Special custody considerations for military parents
Making plans to co-parent one’s child with a former partner can be difficult for anyone who has had to go through a separation or divorce. However, when military parents are involved, child custody matters can become even more complex. This Illinois-based family law blog will offer its readers some basic considerations that military parents may wish to make when working out plans to care for their children after their divorces, but as with all legal matters it is advised that readers speak with their own attorneys about how to handle their individual needs.
Child custody plans generally address where children will live (their physical custody) and who will have the power to make decisions about their welfare (their legal custody). While a military parent may be fit to have physical custody of their child, the demands of their career may interfere with their ability to parent. For example, if a service member is called to active duty they may no longer be able to care for their child.

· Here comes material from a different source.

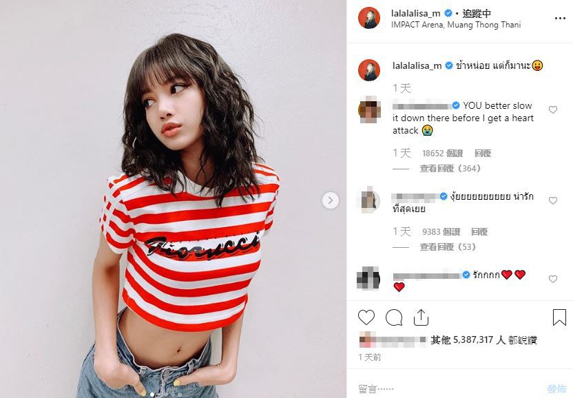 女團BLACKPINK 4成員各自都擁以超高人氣,其中泰籍成員Lisa去年6月開通IG帳號,在韓國女星的追蹤人數中今年1月,就已經成功打敗前被少女時代成員太妍的紀錄。14日,Lisa一組半身照更成為韓星史上貼文最高按讚數,照片中,Lisa身穿短版上衣,雙手還抬高到後腦勺,大方露出肚臍和螞蟻細腰,才公開21小時就已經突破500萬人按讚,更引起大批網友驚呼「21小時就5百萬他是第一個」、「挖真的很不可思議」、「這個造型太適合了」。

Additionally, the need to move or relocate may complicate a parent’s ability to retain custody of their child. Depending upon the rights of the other parent, a military parent may not be able to move with their child, even if the demands of their job require it. To this end, military parents should have short-term and long-term care plans in place to accommodate their children’s needs as well as protect the parents’ rights to custodial power over their kids.
Military service is a highly respectable path for an Illinois resident to pursue. It may, however, make parenting difficult for them if they wish to retain custody of their children. Family law attorneys can be consulted by those who desire more information on this important legal topic.